Lenovo's consumer ultrabooks have Intel RAID controllers that are BIOS locked
into a proprietary single-drive RAID ("fake RAID") mode, we confirmed this
through REing:

Linux does not support Intel's new proprietary single-drive RAID mode; many
users were upset when they purchased these new Yoga ultrabooks and found out
that they could not install Linux on them -- Linux would not detect the drive
at all, despite all sorts of effort.

The Intel RAID controllers DO support backwards-compatible AHCI and NVMe
modes, usually you can change this in the BIOS (on almost ALL PCs, that is the
case).

Lenovo initially promised a BIOS update to add the setting back in, but kept
stalling.

After several months, community members reverse engineered Lenovo's BIOS and
found that had Lenovo added a single if/goto statement to the OEM BIOS source
code that jmp'd out of the code that displayed the setting: Lenovo's BIOS was
modified to intentionally remove the SATA controller mode setting.

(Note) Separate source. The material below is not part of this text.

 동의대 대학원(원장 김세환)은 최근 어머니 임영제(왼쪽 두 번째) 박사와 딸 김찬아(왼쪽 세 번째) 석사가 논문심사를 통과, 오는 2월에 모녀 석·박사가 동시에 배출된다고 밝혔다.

Another user JTAG flashed their BIOS themselves with a patch to re-enable the
SATA controller setting. After changing the drive back out of RAID mode, said
user confirmed and showed proof that Linux booted, installed, and otherwise
worked fine.

One user asked a Lenovo Rep about installing Linux, and he/she responded,
"This system has a Signature Edition of Windows 10 Home installed. It is
locked per our agreement with Microsoft."

Forum members and Redditors got (understandably) angry.

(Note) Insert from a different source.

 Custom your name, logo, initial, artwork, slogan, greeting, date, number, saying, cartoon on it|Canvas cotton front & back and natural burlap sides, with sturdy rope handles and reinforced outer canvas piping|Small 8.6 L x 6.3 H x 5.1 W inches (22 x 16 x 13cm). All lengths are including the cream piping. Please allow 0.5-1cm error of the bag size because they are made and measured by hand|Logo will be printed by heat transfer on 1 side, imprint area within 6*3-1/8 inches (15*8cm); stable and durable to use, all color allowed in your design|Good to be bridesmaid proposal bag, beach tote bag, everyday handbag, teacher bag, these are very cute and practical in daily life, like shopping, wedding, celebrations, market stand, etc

Lenovo started mass releasing PR damage control to the press within 24 hours,
pointing the finger at such malarkey as their advanced hinge design, the huge
risk they took using a bleeding edge Intel controller, Intel not providing
Linux drivers for their new hardware, battery life degrading if a user
switches out of fake RAID on Windows, Linux RAID mode being inferior to
Windows and incapable of supporting crazy new Intel hardware (which warranted
a thorough technical rebuttal from none other than developer of Linux RAID
himself, Alan Cox), etc.

Microsoft released a statement as well saying they don't block Linux on
Windows 10 Signature Edition PCs.

Lenovo started moderating and censoring their forums heavily, deleting many
posts (including the multi-paged BIOS discussion with the REing), still no
BIOS update, plenty of (still) angry users purchasing the laptop, learning the
hard way it does not support Linux, and (in some cases) being unable to return
it to the store or Lenovo.

TODAY: Lenovo backed down from their position of refusing to release a BIOS
update this morning. They published BIOS updates with the SATA setting
enabled.

------
AndrewLanders
I think the note that "This BIOS is NOT intended for use with machines running
a Windows operation system" is rather telling. People saw the Lenovo BIOS
issue as an anti-Linux move, but really I think it's an anti-Windows 7 move.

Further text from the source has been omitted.